Page 9 of The Iron Tactician


  Now an anger was pushing through Baskin’s voice. ‘What do you mean, the “real prince”?’

  ‘You were substituted,’ Struxer said, ‘the assassination attempt played down, no mention made of the extent of the real Prince’s injuries.’

  ‘My bloodline,’ Teal said. ‘This is the reason it’s broken, isn’t it?’

  Merlin nodded, but let Struxer continue. ‘They rebuilt this palace as best they could. Even then it was never as idealised as this. Most of the east wing was gone. The view through these windows was... less pretty. It was only ever a stopgap, before Lurga had to be abandoned completely.’

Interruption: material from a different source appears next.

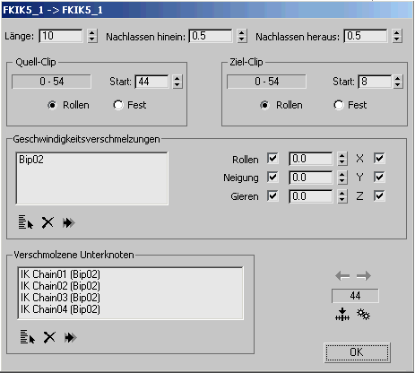 Ein Geschwindigkeitsverschmelzungsobjekt ist ein Objekt, dessen Positionen basierend auf der Geschwindigkeit verschmolzen werden (wie der Massenmittelpunkt eines Bipeds). Die für Geschwindigkeitsverschmelzung verwandten Objekte sind meist die Stämme der Mischungshierarchie. Wenn Sie ein Objekt zur Geschwindigkeitsverschmelzung heranziehen, wird dessen Animation entsprechend seiner Bewegungsbahn in der Szene gesammelt. Wenn Sie beispielsweise den Stamm der Figur als Verschmelzungsobjekt wählen, wird sichergestellt, dass die Animation der Figur relativ von Clip zu Clip verläuft, sodass sich die Figur im Weltkoordinatenraum bewegt und nicht jeder Clip wiederholt wird. Alle untergeordneten Objekte des Stamms folgen im Übergang.

  They had reached the only open door in the corridor. With the sunlit view behind their backs their shadows pushed across the door’s threshold, into the small circular room beyond.

  In the middle of the room a small boy knelt surrounded by wooden battlements and toy armies. They ranged away from him in complex, concentric formations – organised into interlocking ranks and files as tricky as any puzzle. The boy was reaching out to move one of the pieces, his hand dithering in the air.

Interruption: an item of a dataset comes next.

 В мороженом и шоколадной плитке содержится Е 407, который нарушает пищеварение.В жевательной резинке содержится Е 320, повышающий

  ‘No,’ Baskin whispered. ‘This isn’t how it is. There isn’t a child inside this thing.’

  Struxer answered softly. ‘After the attack, the real Prince was kept alive by the best doctors on Havergal. It was all done in great secrecy. It had to be. What had become of him, the extent of his injuries, his dependence on machines to keep him alive... all of that would have been far too upsetting for the populace. The war was going badly: public morale was low enough as it was. The only solution, the only way to maintain the illusion, was to bring in another boy. You looked similar enough, so you were brought in to live out his life. One boy swapped for another.’

  ‘That’s not what happened.’

  ‘Boys change from year to year, so the ruse was never obvious,’ Struxer said. ‘But you had to believe. So you were raised exactly as the Prince had been raised, in this palace, surrounded by the same things, and told stories of his life just as if it had been your own. Those games of war, the soldiers and campaigns? They were never part of your previous life, but slowly you started to believe an imagined past over the real one – a fiction that you accepted as the truth.’

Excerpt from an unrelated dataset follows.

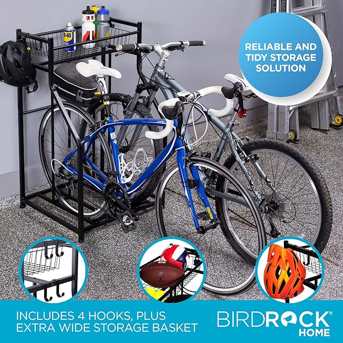 BIRDROCK HOME Bike Rack Garage Storage Floor Stand - Freestanding Organizer for Outdoor Yard - Upright Wall Mount for Scooters, Rakes, Motorcycles, Hoverboards, Gloves - Holds 2 Bicycle - Black

  ‘You said you grew bored of war,’ Teal said. ‘That you were a sickly child who turned away from tabletop battles and became fascinated by languages instead. That was the real you breaking through, wasn’t it? They could surround you with the instruments of war, try to make you dream of it, but they couldn’t turn you into the person you were not – even if most of the time you believed the lie.’

  ‘But not always,’ Merlin said, watching as the boy made up his mind and moved one of the pieces. ‘Part of you knew, or remembered, I think. You’ve been fighting against the lie your whole life. But now you don’t need to. Now you’re free of it.’

  Struxer said: ‘We didn’t suspect at first. Even those of us who worked closely with the Tactician were encouraged to think of it as a machine, an artificial intelligence. The medical staff who were involved in the initial work were either dead or sworn to silence, and the Tactician rarely needed any outside intervention. But there were always rumours. Technicians who had seen too much, glimpsed a little too far into the heart of it. Others – like myself – who started to doubt the accepted version of events, this easy story of a dramatic breakthrough in artificial intelligence. I began to...question. Why had the enemy never made a similar advancement? Why had we never repeated our success? But the thing that finally settled it for me was the Tactician itself. We who were the closest to it... we sensed the changes.’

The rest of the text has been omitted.